INPUT DATA:
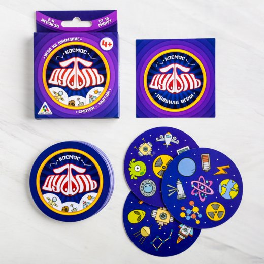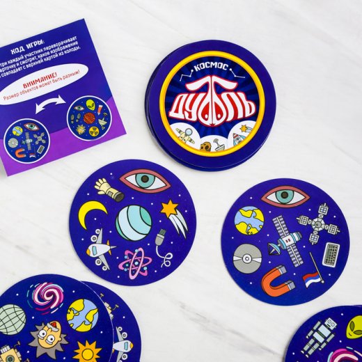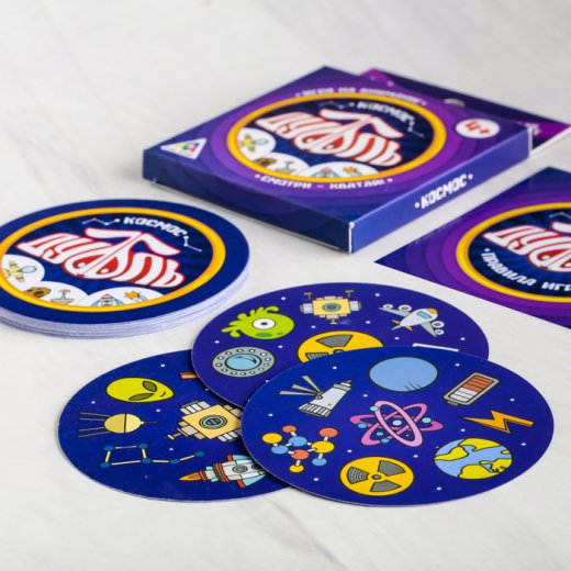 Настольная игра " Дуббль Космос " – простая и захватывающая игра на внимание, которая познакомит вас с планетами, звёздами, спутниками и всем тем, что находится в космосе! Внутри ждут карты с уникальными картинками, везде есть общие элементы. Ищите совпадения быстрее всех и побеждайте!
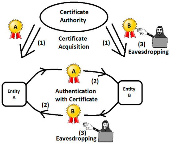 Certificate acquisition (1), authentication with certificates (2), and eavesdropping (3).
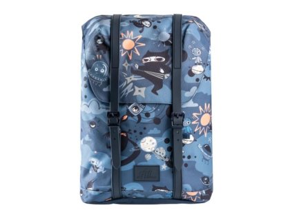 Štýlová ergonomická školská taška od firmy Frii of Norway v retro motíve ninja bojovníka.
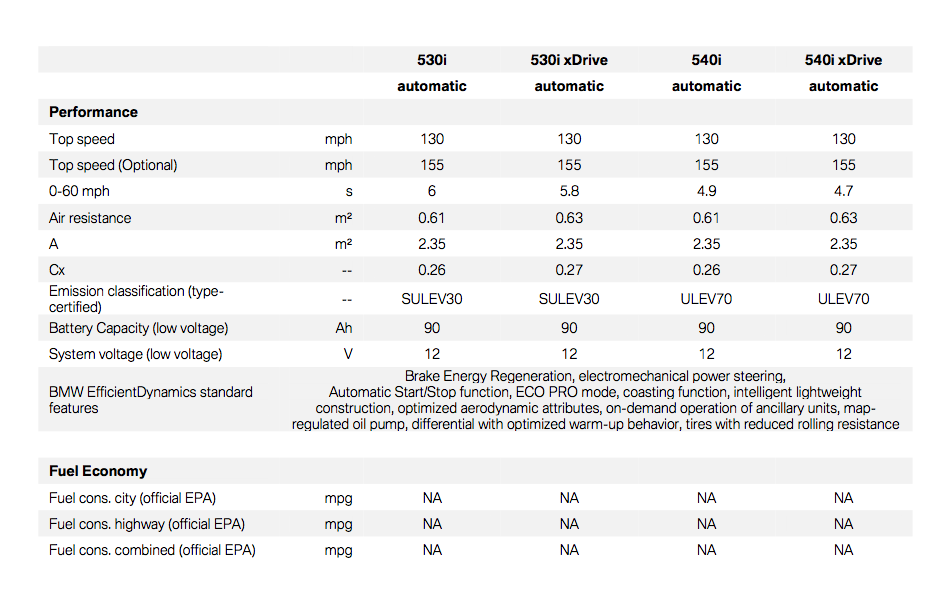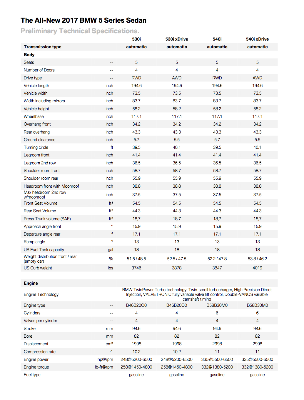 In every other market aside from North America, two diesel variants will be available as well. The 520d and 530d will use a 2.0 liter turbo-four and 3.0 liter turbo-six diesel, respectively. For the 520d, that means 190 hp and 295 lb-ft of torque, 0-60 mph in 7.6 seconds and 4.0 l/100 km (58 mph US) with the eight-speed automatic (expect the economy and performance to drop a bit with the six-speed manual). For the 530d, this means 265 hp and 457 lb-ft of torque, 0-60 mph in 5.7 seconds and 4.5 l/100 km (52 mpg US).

EXERCISE BRIEF:
Would you retype all the material above exactly, apart from its pictures?

RESPONSE AREA:
 Настольная игра " Дуббль Космос " – простая и захватывающая игра на внимание, которая познакомит вас с планетами, звёздами, спутниками и всем тем, что находится в космосе! Внутри ждут карты с уникальными картинками, везде есть общие элементы. Ищите совпадения быстрее всех и побеждайте!
 Certificate acquisition (1), authentication with certificates (2), and eavesdropping (3).
 Štýlová ergonomická školská taška od firmy Frii of Norway v retro motíve ninja bojovníka.
 In every other market aside from North America, two diesel variants will be available as well. The 520d and 530d will use a 2.0 liter turbo-four and 3.0 liter turbo-six diesel, respectively. For the 520d, that means 190 hp and 295 lb-ft of torque, 0-60 mph in 7.6 seconds and 4.0 l/100 km (58 mph US) with the eight-speed automatic (expect the economy and performance to drop a bit with the six-speed manual). For the 530d, this means 265 hp and 457 lb-ft of torque, 0-60 mph in 5.7 seconds and 4.5 l/100 km (52 mpg US).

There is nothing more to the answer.